- EXERCISE -
Task for the records below: copy exactly, and only, the line containing "商品介紹:八德挑高RC店面廠房,特色說明:臨路 約12米,挑高 約3-4.5米,電力" and every line after it to the end, with pictures left out.

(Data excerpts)
+++++
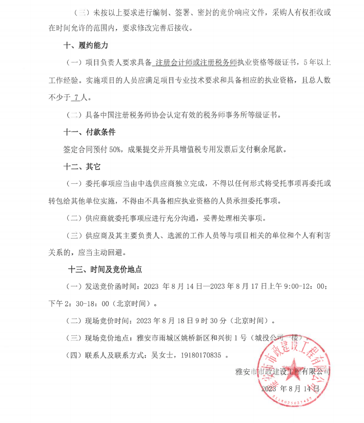 市政公司增值稅清理專項(xiàng)服務(wù)采購(gòu)需求書
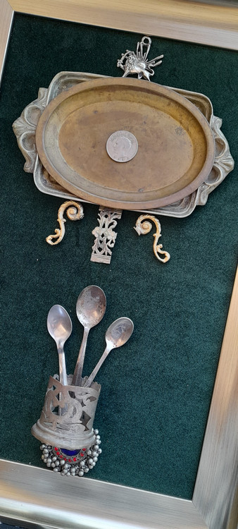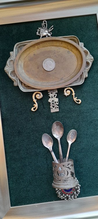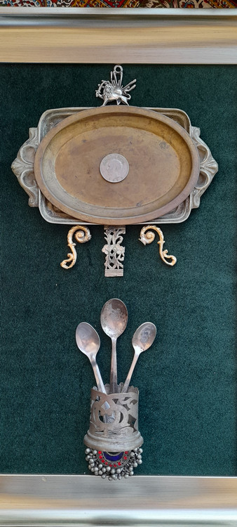 جنس ظروف داخل تابلو برنج هستند با قدمت بالای ۶۰ سال
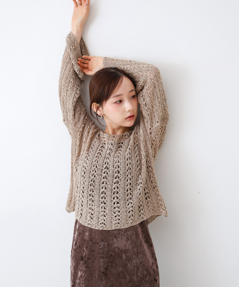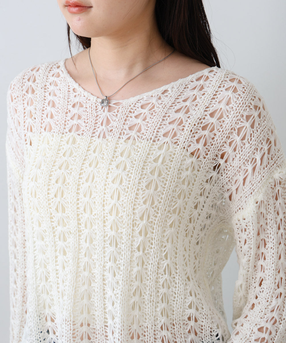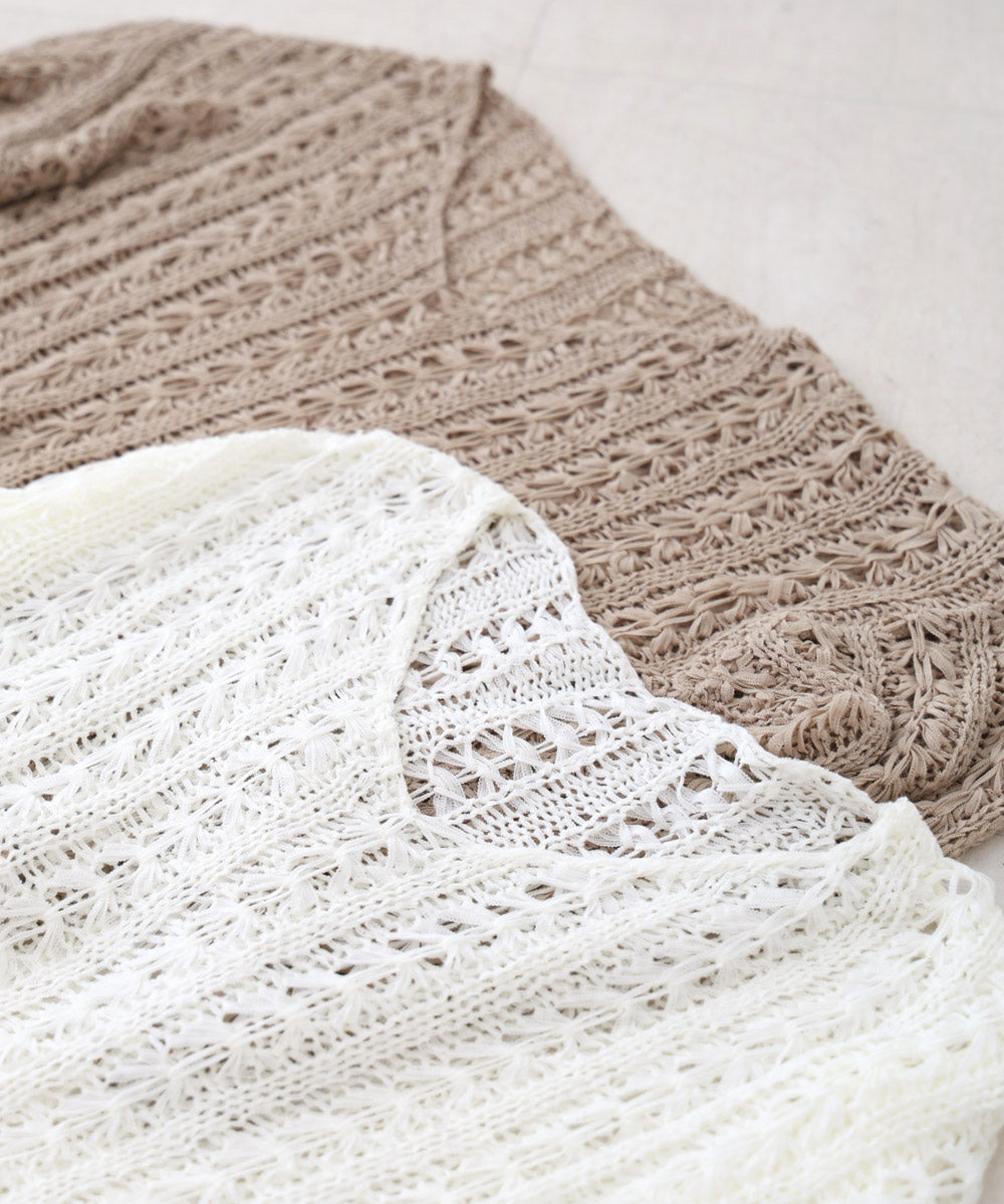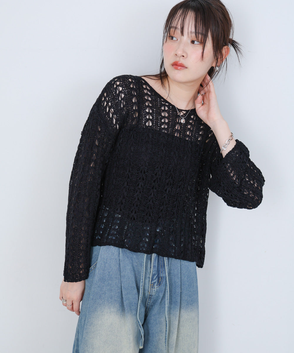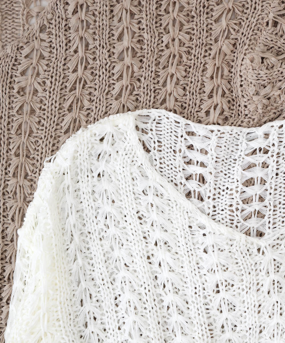 フラワー模様が可愛いレースニットトップスの登場です!網目が縦ラインに沿って入っているので華奢見えして見えるのもうれしいポイントです。フラワー模様のフェミニンさと網目の空き具合の抜け感が絶妙にマッチして、上品さもありながらどこかカジュアル感もそなえたトップスに仕上がっています。さらにストレッチ性があるので着やすくなっています。
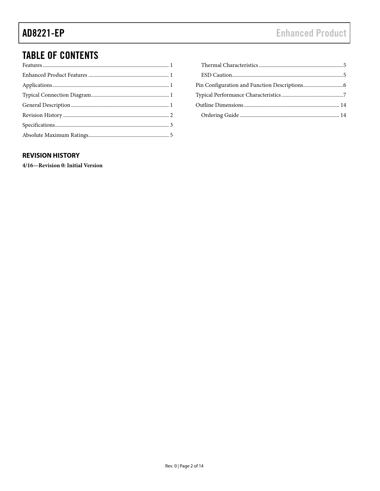 页数 / 页14 / 2 — AD8221-EP. Enhanced Product. TABLE OF CONTENTS. REVISION HISTORY. …
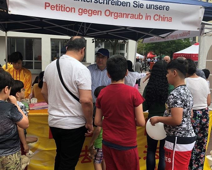 功法演示结束后,一对母女特地来到真相点。那位女儿正在读中学,在学校写过关于人权方面的文章,所以中共对法轮功的迫害引起了她的注意。学员给这对母女介绍了一些相关书籍和调查报告后,她们都对中共的迫害表示震惊,并为反迫害签了名。
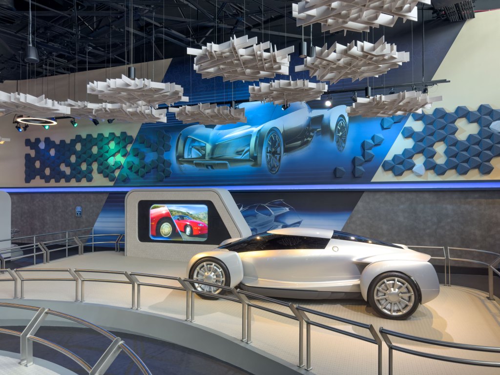 The attraction’s queue begins with a look at how we used to think of automobile design and moves forward to what we think of today. In the very first room is a window, looking into the ride track where we can see vehicles moving by. This adds immediate excitement and energy to the room. Yes, you can hear the vehicles whooshing by as you enter, but seeing the vehicles isn’t always possible. For many, this could be a first look at what’s to come.
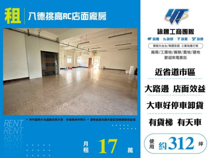 商品介紹:八德挑高RC店面廠房,特色說明:臨路 約12米,挑高 約3-4.5米,電力 三相220V/100馬,周邊: 八德國民運動中心,衛生福利部桃園醫院,省道市區,交通便利,有天車.獨立水電錶。
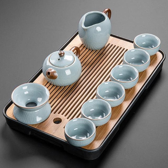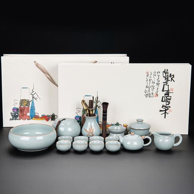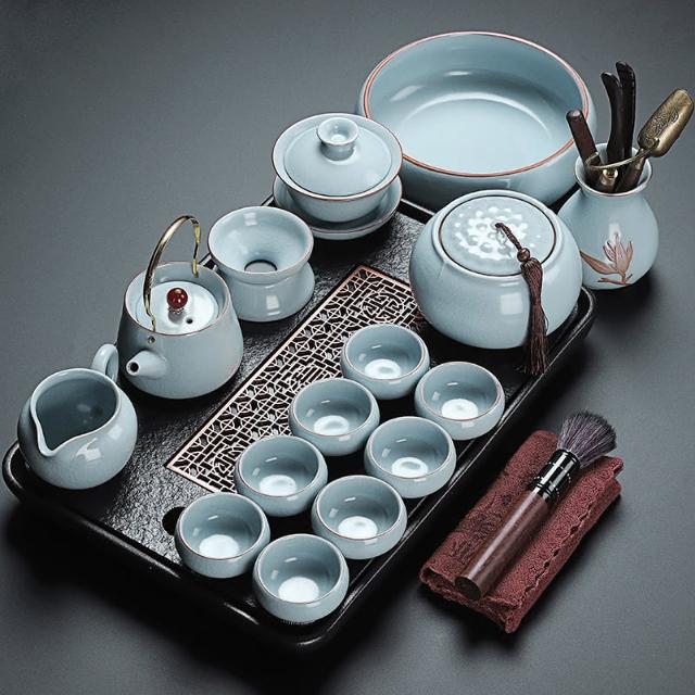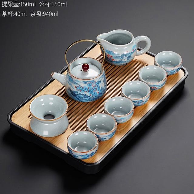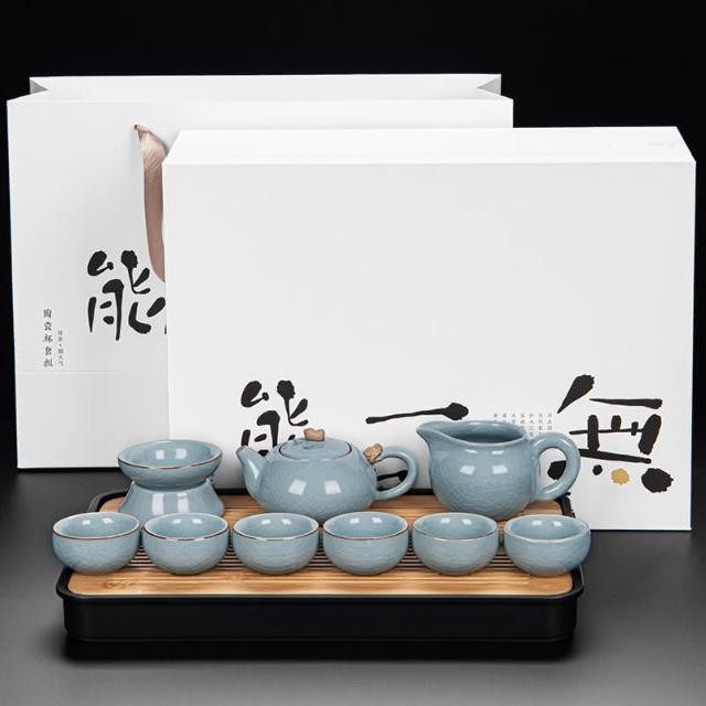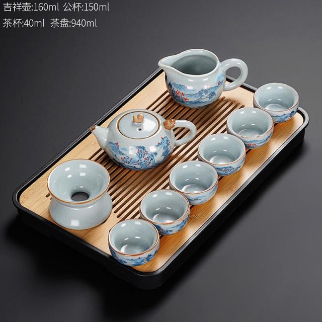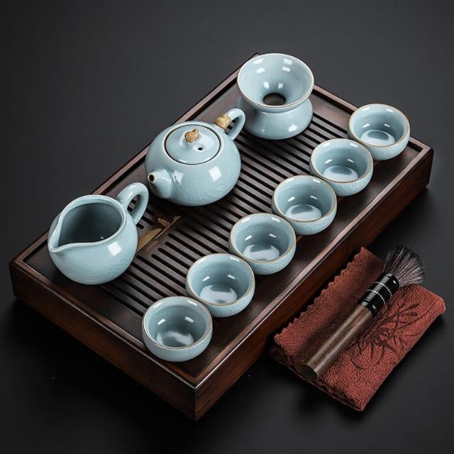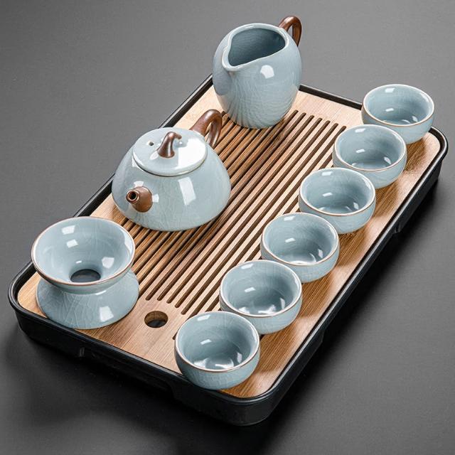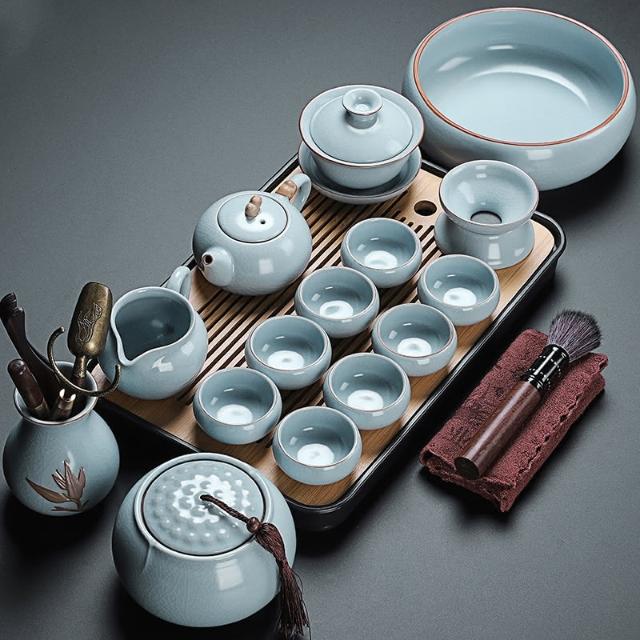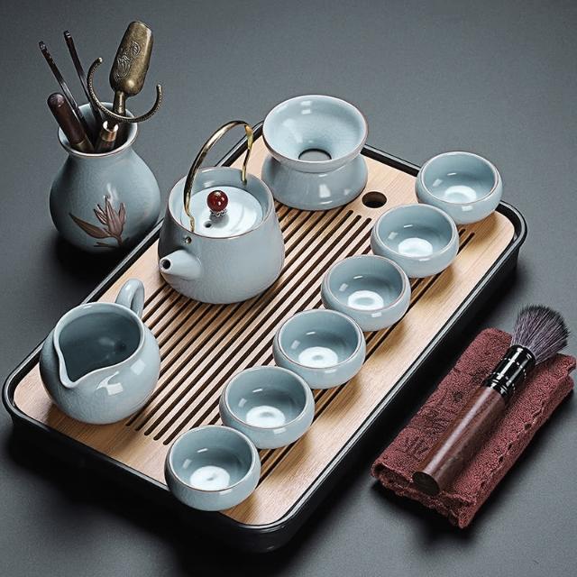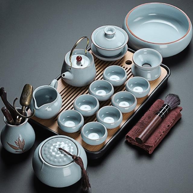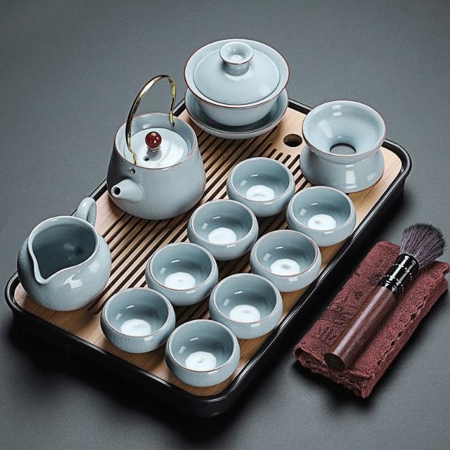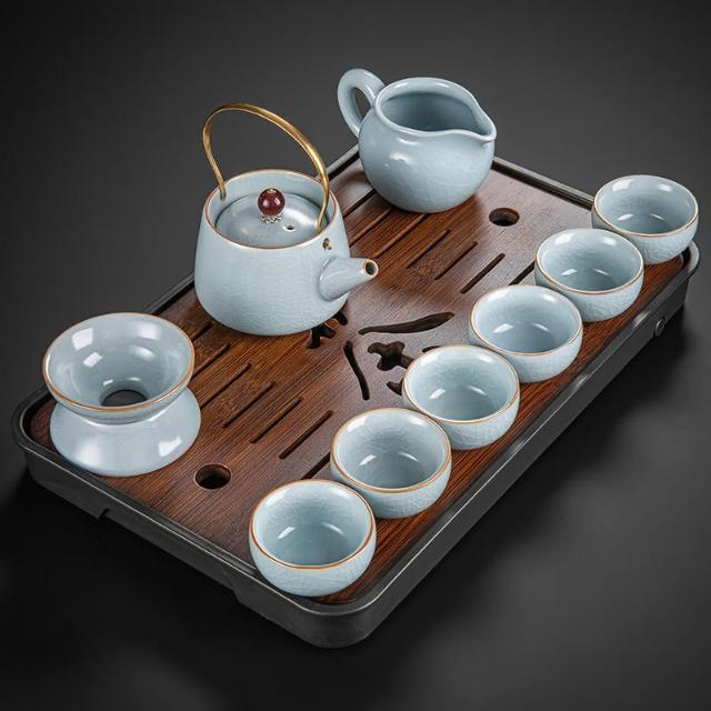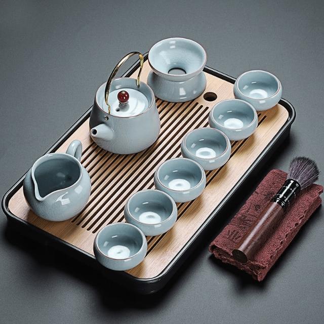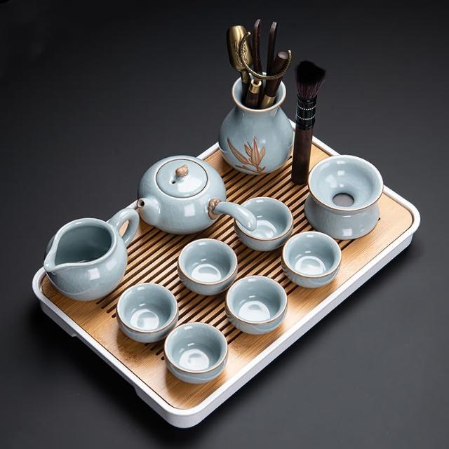 四季風家居 功夫茶具茶盤套裝家用高檔輕奢陶瓷汝窯茶壺茶杯辦公室會客
+++++
- RESPONSE AREA -
 商品介紹:八德挑高RC店面廠房,特色說明:臨路 約12米,挑高 約3-4.5米,電力 三相220V/100馬,周邊: 八德國民運動中心,衛生福利部桃園醫院,省道市區,交通便利,有天車.獨立水電錶。
 四季風家居 功夫茶具茶盤套裝家用高檔輕奢陶瓷汝窯茶壺茶杯辦公室會客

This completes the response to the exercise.